The origin of strain-induced stabilisation of superconductivity in the lanthanum cuprates

TL;DR

This study uses density-functional theory to show that diagonal compressive strain stabilizes the orthorhombic phase in lanthanum cuprates, providing insights into how strain influences superconductivity and stripe order.

Contribution

It demonstrates that anisotropic strain can control structural phases in lanthanum cuprates, revealing a structural mechanism affecting superconductivity.

Findings

Diagonal compressive strain stabilizes the LTO phase.

Strain influences the competition between superconductivity and stripe order.

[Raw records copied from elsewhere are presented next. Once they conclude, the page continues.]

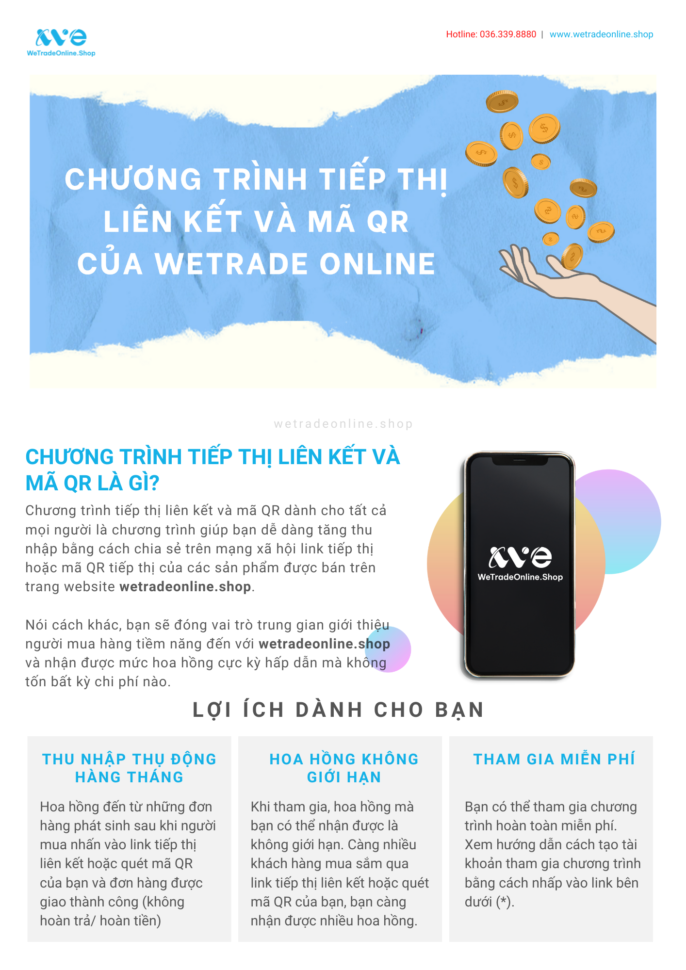 - Tất cả các sản phẩm của WeTrade Online đều là các sản phẩm đồ gia dụng thông minh chính hãng chất lượng với giá cả phải chăng được nhập khẩu và phân phối bởi Công ty cổ phần bán hàng trực tiếp trực tuyến WeTrade Online.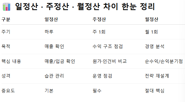 요식업에서는 일정산 · 주정산 · 월정산을 어떻게 관리하느냐에 따라가게의 생존력이 완전히 달라집니다.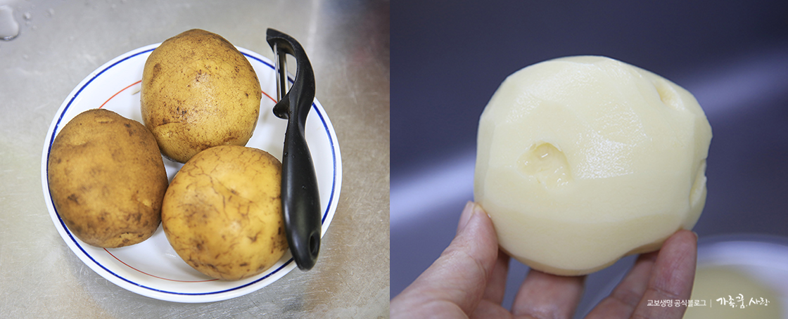 4. 감자는 필러를 이용해 껍질을 깨끗이 벗긴 후 씨눈이 있는 곳을 도려내 주세요.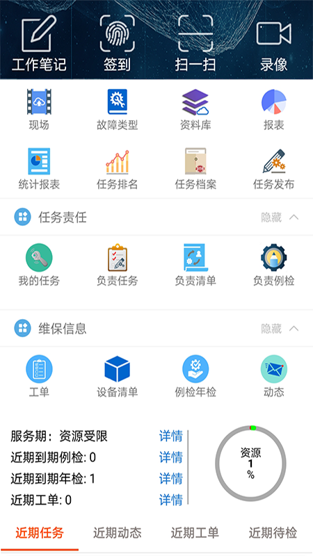 智慧电梯+维保管理移动端针对电梯维保单位,电梯工程公司对电梯安装,维修,日常保养等工作的需求,提供完善的电梯档案管理,维保现场视频/图片库,国标标准的电子工单,可视化的地图,详细的统计报表,闭环的维保任务管理。维保工作人员可以随时在互联网上与办公人员的协同办公,通过移动互联网随时可以访问云端系统资料;维保负责人全程监管维保过程,提高工作效率和简化维护工作流程。电梯维保人员通过共享维保资料,如工单,档案,任务等信息来协作完成电梯的维保任务,移动端APP接受平台的调度,对维保,任务指令进行响应。同时,平台会记录人员行为作为考核和管理的依据。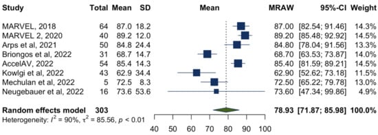 Forest plot of the atrioventricular synchrony proportion (%) [6,7,8,9,10,14,15,16].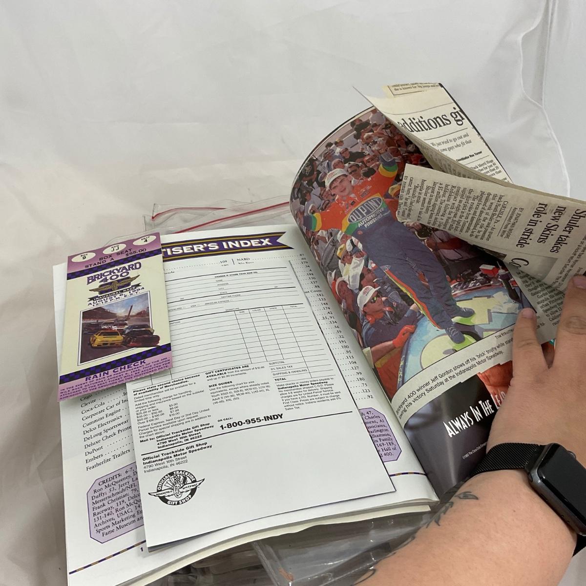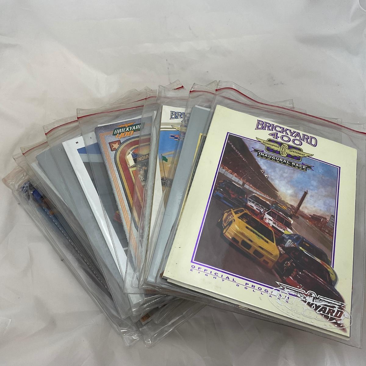 Brickyard 400 run of programs with Original event tickets stapled into the back. Please see photos for details and condition. ::: Shipping is available on this lot. If you require shipping you must let us know at the close of the auction. We will coordinate with you after the item has been won. Shipping fees will include insurance up to or exceeding the value of all items being mailed. If you have any questions regarding this lot please contact the auctioneer either via this website, by direct email or by phone. PICK UP TIMES and other important information can be found in the TERMS and DESCRIPTION of the auction. Please take a look for pertinent information. Thanks!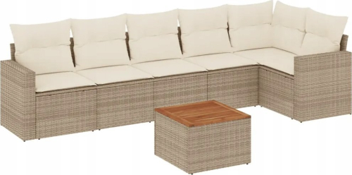 vidaXL 7-częsciowy zestaw wypoczynkowy do ogrodu, z poduszkami, beżowy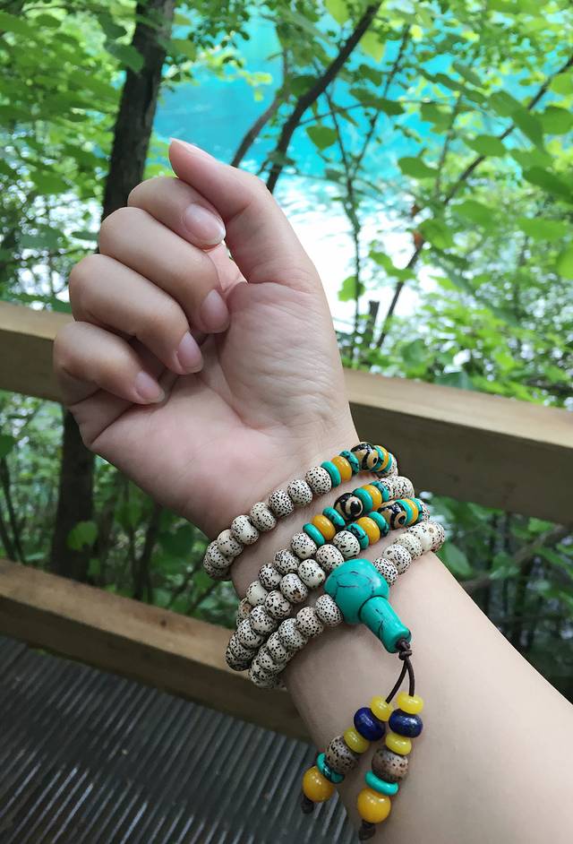 九寨沟白天我们是自备干粮,偶尔在景点喝点热饮。景点快餐一份二十,咖啡奶茶5-10元。沟内的两处主要藏民寨景点也基本就是购物点,不过价格不同于印象中的景区,非常实惠,应该说差不多属于城里地摊一样的价格了,举例:围巾披肩20,羊毛的才50一条,小玩意通通几块钱,青稞糖一盒十元,牦牛肉60一斤(跟普通牛肉一个价,所以据说这价位有可能是马肉),我还在藏民家挑了一串星月菩提手串150,有的藏民说杀杀价100也能拿下,不过喜欢就好,毕竟城里要N张毛爷爷才能买到(提示买者最好能分辨真假,毕竟这玩意也有很多是塑料或木料加工的)总之无需太计较价格都非常实惠看中了敞开买就是了。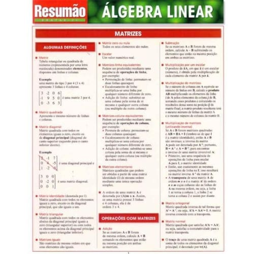 Matrizes: definições (matriz, matriz quadrada, matriz diagonal, matriz identidade, matriz triangular, matrizes iguais, matriz zero ou nula, escalar, matrizes linha-equivalentes, matrizes coluna-equivalentes, matrizes elementares). Operações com matrizes: adição, subtração, multiplicação por um escalar, multiplicação de matrizes, matriz ortogonal, matriz normal. Matrizes complexas. Propriedade das matrizes. Equações lineares. Determinantes. Vetores: norma de um vetor, operações com vetores, propriedades e teoremas de vetores. Resolução de sistemas lineares através de matrizes. Retas.

Structural tuning can potentially optimize superconducting properties.

Abstract

Suppression of superconductivity in favour of a striped phase, and its coincidence with a structural transition from a low-temperature orthorhombic (LTO) to a low-temperature tetragonal (LTT) phase, is a ubiquitous feature of hole-doped lanthanum cuprates. We study the effect of anisotropic strain on this transition using density-functional theory on both La$_2$CuO$_4$ and the recently-synthesised surrogate La$_2$MgO$_4$ to decouple electronic and structural effects. Strikingly, we find that compressive strain applied diagonally to the in-plane metal-oxygen bonds dramatically stabilises the LTO phase. Given the mutual exclusivity of 3D superconductivity and long-range static stripe order, we thereby suggest a structural mechanism for understanding experimentally-observed trends in the superconducting $T_{\mathrm{c}}$ under uniaxial pressure, and suggest principles for tuning it.